Old Masters Day Auction
Old Masters Day Auction
Still-life Paintings from the Collection of Dr Sam Segal
Vanitas still life with a skull, a violin, a cittern, playing cards, books, a globe and other objects on a draped table
Lot Closed
July 7, 01:16 PM GMT
Estimate
8,000 - 12,000 GBP
Lot Details
Description
Still-life Paintings from the Collection of Dr Sam Segal
Jacques de Claeuw
Dordrecht 1623 - 1694 Leiden
Vanitas still life with a skull, a violin, a cittern, playing cards, books, a globe and other objects on a draped table
signed centre: JDClaeuw
oil on canvas
unframed: 48 x 41.2 cm.; 19 x 16¼ in.
framed: 62.5 x 56 cm.; 24⅝ x 22 in.
Jacques de Claeuw, also known as Jacques Grief, was a co-founder of the painters' guild in his hometown of Dordrecht in 1642. In 1649 he married the daughter of Jan van Goyen and the couple moved to Leiden here he died in 1694. His work is comprised entirely of still lifes, which he produced in various cities including Haarlem, Dordrecht, Leiden and possibly Amsterdam.

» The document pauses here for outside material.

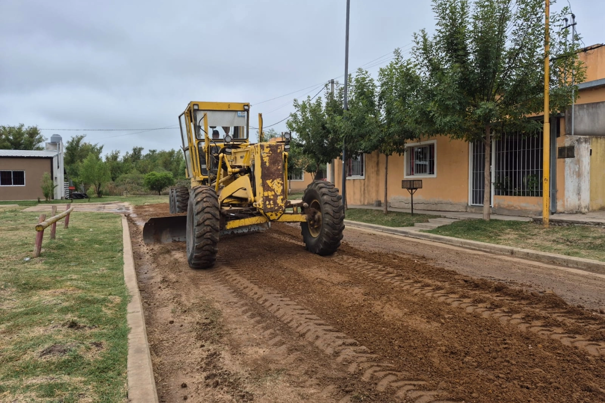 Para el desarrollo de los trabajos intervinieron cuadrillas municipales y maquinaria pesada, entre ellas una destinada a la remoción de suelo excedente y una motoniveladora que cumple funciones de nivelación y conformación del camino. Estos equipamientos permitieron ordenar la superficie, corregir deformaciones y preparar la base para el refuerzo del firme.
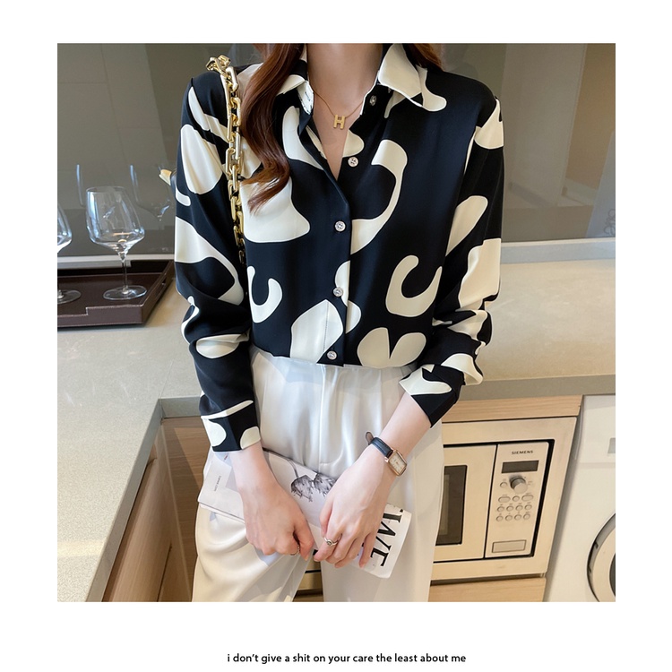 Tianshun Mencetak Kemeja Kasual is Motif Sifon Lengan Panjang Wanita

This particular vanitas painting is filled with a myriad of objects that point towards the transience of life. Musical instruments, such as the baroque violin, oboe and cittern (an instrument often played by women) allude to the fleeting nature of life as comparable to the fleeting performance of music. Sealed contracts and tatty books portray man's preoccupation with world-bound knowledge and promises that cannot be taken into the next life. These are contrasted with the mysteries of the afterlife, represented by a celestial globe shrouded in a black cloth. Golden crowns are replaced by fragile worthless straw, which decorates a skull as an inversion of worldly pride and fame. Finally, the glowing ember of a candle wick on the far right, on the verge of being extinguished, symbolises the finite span of man's life.
A similar yet mirrored composition with violin, instruments and contracts was sold in these rooms in 2002.1
1 Sotheby's, London, 31 October 2002, lot 106.